On May 4, 2017, my daughter and I underwent fetoscopic spina bifida repair together at 24 weeks and 4 days gestation. We arrived at the hospital early that morning. In order to minimize the time we were under anesthesia, we were completely prepped and in the OR before they put me to sleep. I was nervous about this – I thought I would feel very alone and anxious, but it was the complete opposite. A nurse and two anesthesiologists were with me the entire time and made me feel extremely comfortable. The surgery lasted about four hours. Along with their team, Dr. Whitehead and Dr. Belfort closed the lesion in Harper’s back and the surgery was a success!

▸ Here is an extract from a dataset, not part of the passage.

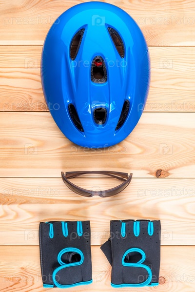 Велосипедный шлем и пара перчаток верхний вид вертикальный снимок

The first couple of days after surgery were rough. I was kept on a drug called magnesium sulfate to calm my uterus and prevent contractions. I was also kept on an epidural for the same reason, as well as to help with pain control. I felt extremely weak and could barely keep my eyes open most of the time. Harper continued to thrive through all of this! We were kept on the fetal monitor 24/7 so we could hear her heartbeat and movements constantly, which is the sweetest sound in the world, especially after fetal surgery. We were able to come completely off the magnesium sulfate and have the epidural removed on the third day. I felt a lot better and much more alert, but I honestly didn’t think I would be in so much pain. I had never had major surgery before so I had no idea what to expect, but I thought my body would bounce back more quickly than it did. I had to learn to give myself some grace and take it one step at a time. My husband was wonderful and so supportive – I couldn’t have asked for more. He was constantly reminding me to breath and to drink more water. He held my hand and encouraged me when I felt weak and frustrated. This journey is without a doubt the hardest thing we have faced and I can’t say enough about how glad I am to have him by my side through it all. We were also unbelievably thankful for the amazing nurses and staff members at Texas Children’s who took such great care of us. They are some truly special people!

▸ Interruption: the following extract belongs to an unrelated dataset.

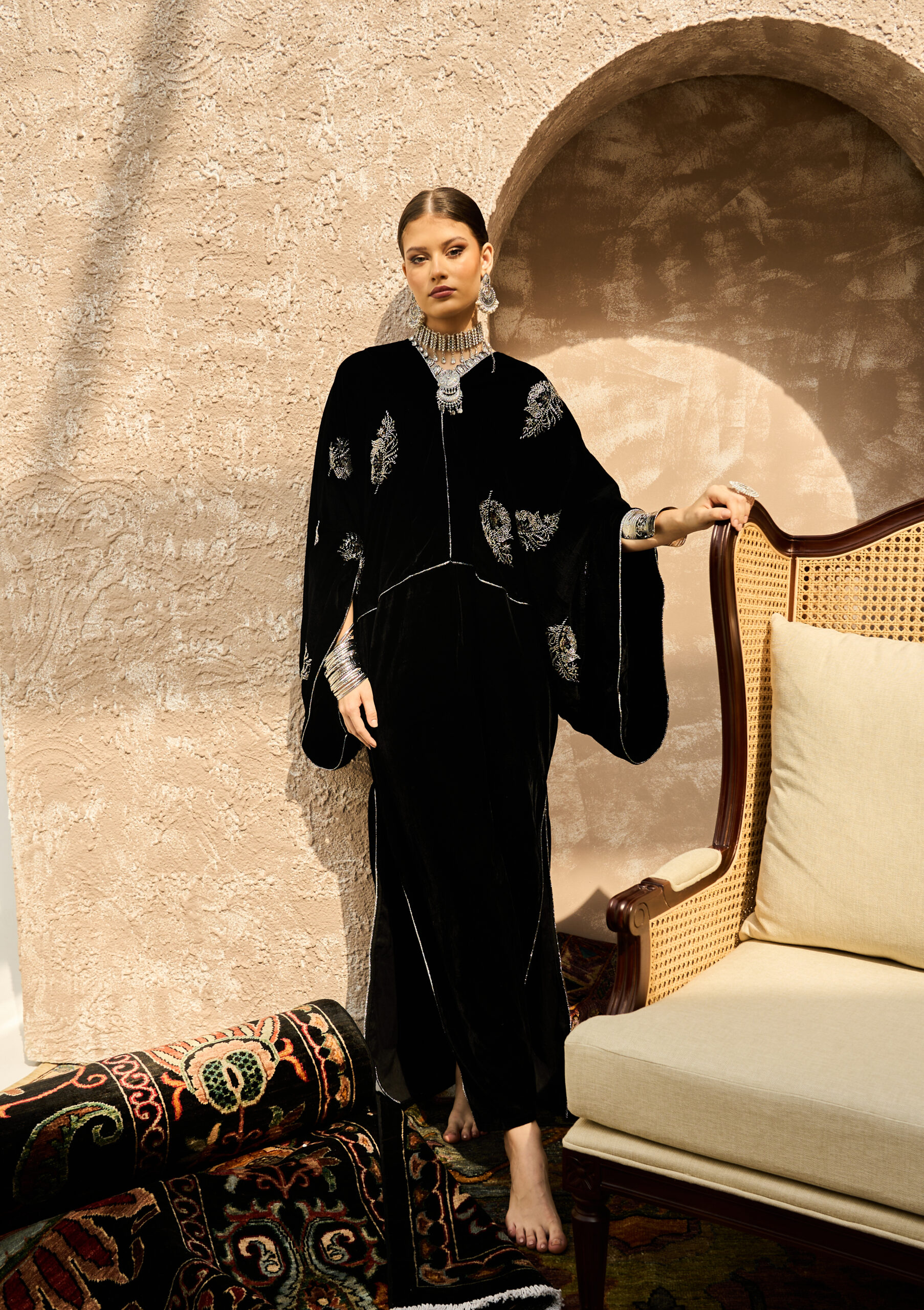 Seren – Black Lux is a statement one-piece kaftan crafted from rich black velvet and adorned with fine silver beadwork combined with soft, multi-colored crystals arranged in harmonious tones.

We were released from the hospital on day five and headed back to what we refer to as our Houston home – an apartment about a mile from the hospital. It’s been two weeks now since our surgery and each day has been a little easier. I’ve really just started feeling much better the past couple of days. As painful and as challenging as the last two weeks have been, there has not been a single moment where I’ve felt like we didn’t do the right thing by having this surgery. I’m amazed by our incredible doctors and the medical advances they are making in this field and I love that we get to be a part of it. We feel like we are in the very best hands; it really is like a family. I feel our daughter move and kick her little legs every day, and each time I smile and praise God we were given this opportunity. There are still hard days, but we no longer feel helpless – we are confident we’ve done everything in our power to help our daughter and give her the best shot possible in life. We have a long way to go on this journey but we are truly optimistic about the days to come, and we can’t wait to experience the joy this little girl will bring to the world.